By default Evilginx will consider the session as authenticated when all cookies defined in auth_tokens section are captured. The exception is when the names of the cookies, you need to capture, are generated dynamically. In such scenario you need to use regular expressions to search for session cookies or just capture all of them. Evilginx will then not know when all of the session cookies have been captured and will need an alternative way to trigger the successful session capture.

Session will be considered captured when request to any of the defined URL paths is made. These URL paths should only be accessible after the user has successfully authenticated, thus indicating the authentication was successful.

auth_urls:
  - '/home'
  • (string array): When a request to any of the following paths is detected, it will trigger the session capture.

example 1

auth_urls:
  - '/admin'
  - '/admin/.*'

When user is redirected to https://phishdomain.com/admin, https://phishdomain.com/admin/profile or https://phishdomain.com/admin/settings, session capture will be considered successful.

landing_path (deprecated)

Defines an array of URL landing paths for the generated phishing URLs.

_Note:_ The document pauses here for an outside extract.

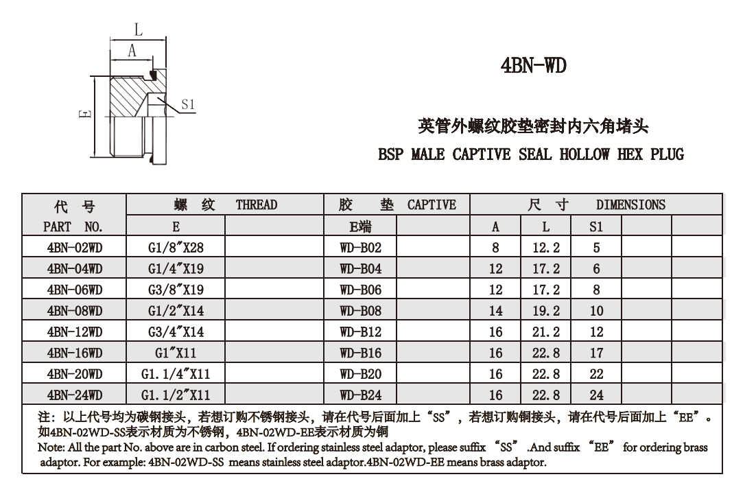 4BN-02WD,4BN-04WD,4BN-06WD,4BN-08WD,4BN-12WD,4BN-16WD,4BN-20WD,4BN-24WD,內(nèi)六角堵頭
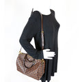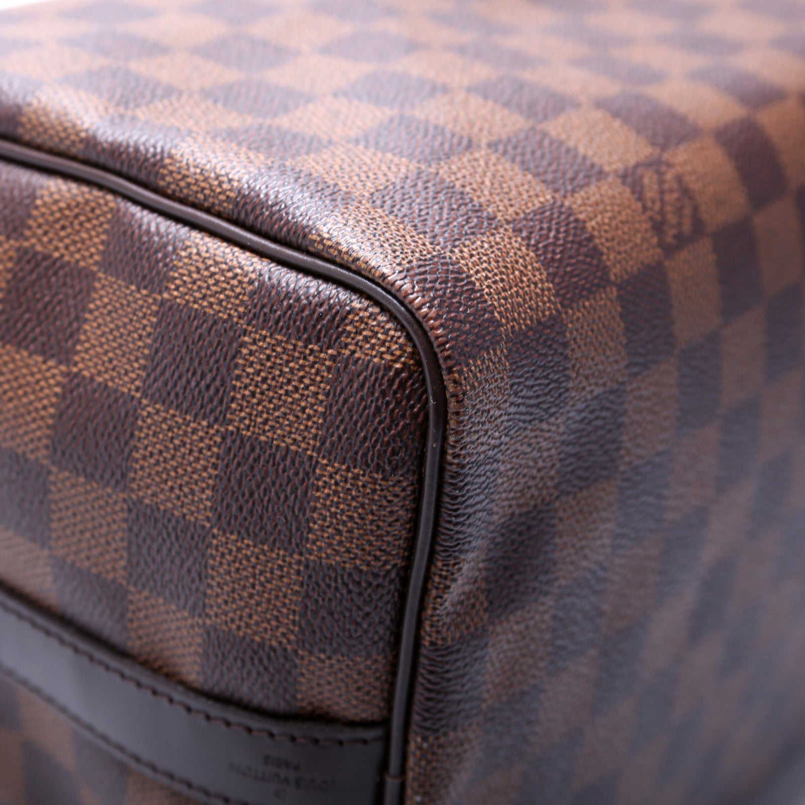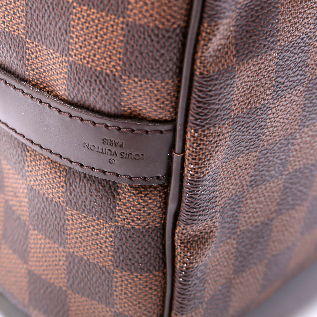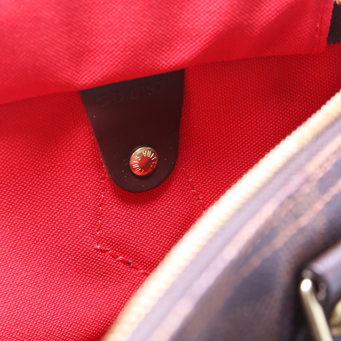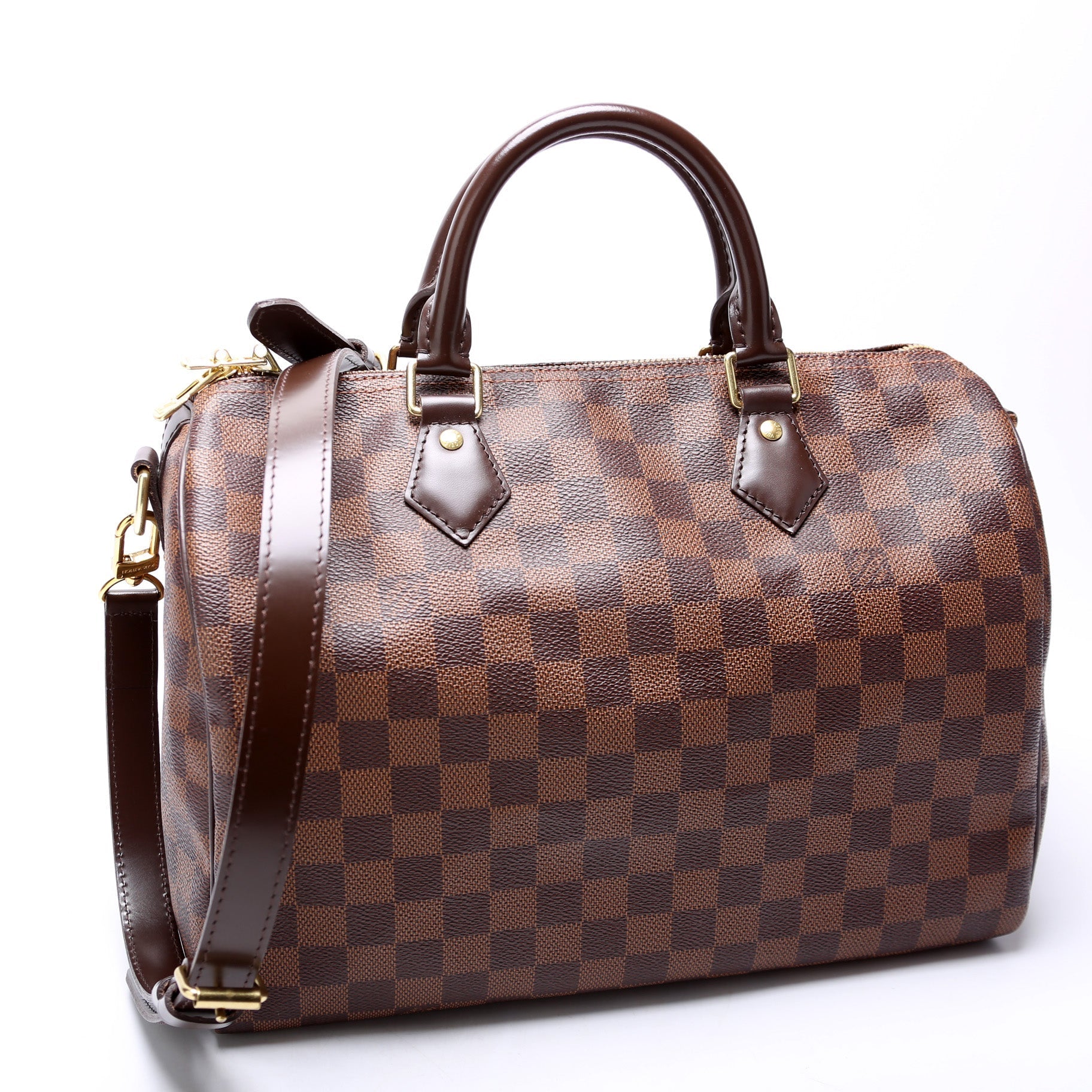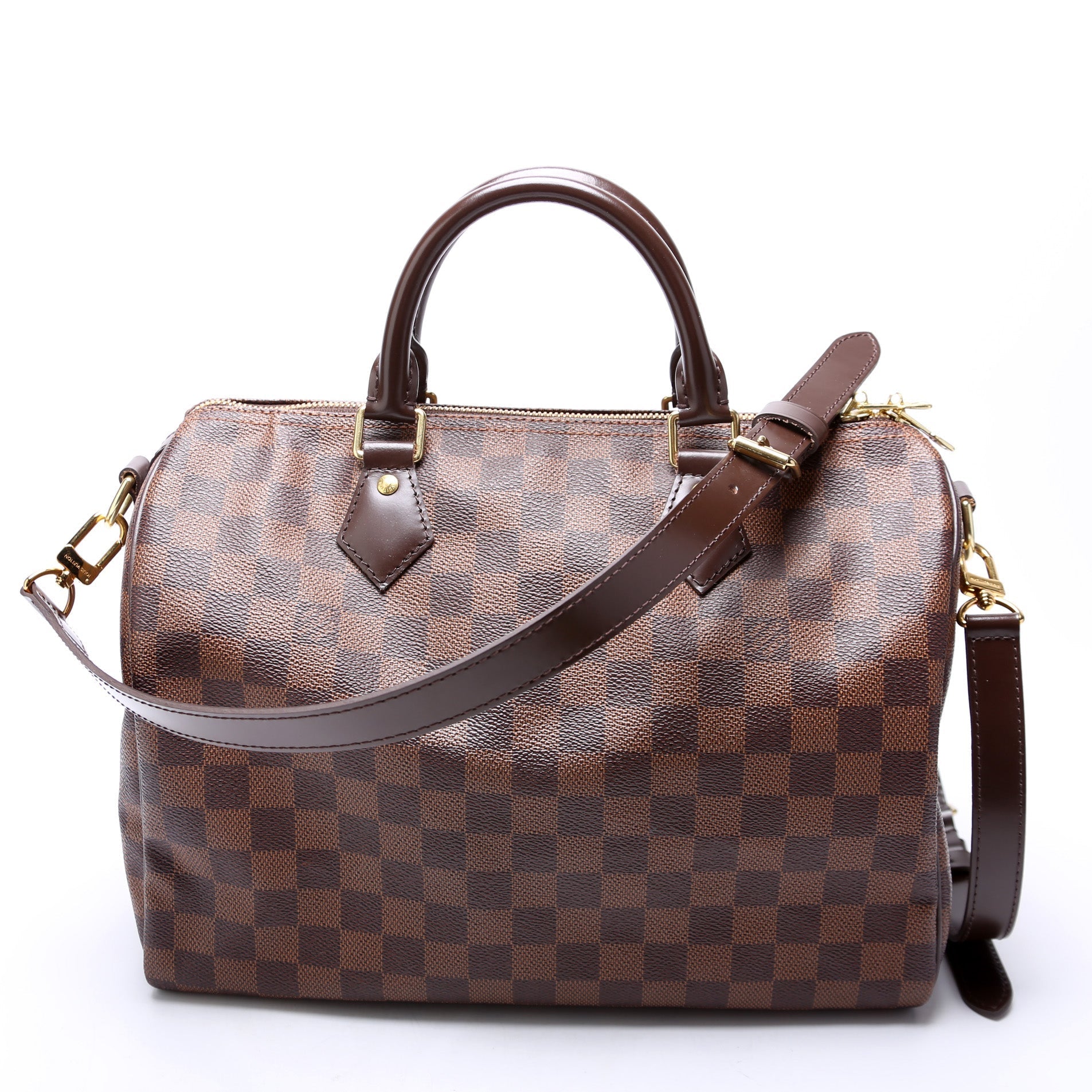 This Louis Vuitton Speedy 30 Bandouliereis eye catching bag. The exterior is in the classic Damier Ebene coated canvas.

You need to enter the path to the login page, here.

landing_path:
  - '/uas/login'
  • (string array): URL paths to login pages.

login (NEW)

Defines the domain and path where the login page on the phished website resides.

login:
  domain: 'www.linkedin.com'
  path: '/uas/login'

force_post

This section let's you define what POST arguments you want to add to an existing POST requests, in transmission. This is useful to force phished users to authenticate with "Remember Me" option enabled, even though they explicitly left the checkboxes unticked on the login form.

force_post:
  - path: '/sessions'
    search:
      - {key: 'session\[user.*\]', search: '.*'}
      - {key: 'session\[pass[a-z]{4}\]', search: '.*'}
    force:
      - {key: 'remember_me', value: '1'}
    type: 'post'
  • path (regexp): Regular expression to match the URL path the intercepted POST request will be sent to.
  • search: Trigger POST arguments. ALL of the defined here POST arguments must be present in the POST request, for the POST arguments to be inserted or replaced.
    • key (regexp): Regular expression to match the POST argument key.
    • search (regexp): Regular expression to match the POST argument value.
  • force: List of POST arguments to insert or replace in intercepted POST request.
    • key (string): Name of the POST argument.
    • value (string): Value of the POST argument.
  • type (string): Type of the POST request to handle. Currently only post is supported.

js_inject (NEW)

This section defines all Javascript scripts that you want to inject into proxied pages. Every script can be customized with {var_name} variable parameters, which later can be set to different values in each created lure.

js_inject:
  - trigger_domains: ["www.linkedin.com"]
    trigger_paths: ["/uas/login"]
    trigger_params: ["email"]
    script: |
      function lp(){
        var email = document.querySelector("#username");
        var password = document.querySelector("#password");
        if (email != null && password != null) {
          email.value = "{email}";
          password.focus();
          return;
        }
        setTimeout(function(){lp();}, 100);
      }
      setTimeout(function(){lp();}, 100);
  • trigger_domains (string array): All hostnames on which the injection will trigger.
  • trigger_paths (regexp array): Regular expressions for all URL paths that will trigger the injection.
  • trigger_params (string array): Injection will trigger only if the following parameters are defined in a lure.
  • script (string): Javascript code that will be injected right before the </body> tag.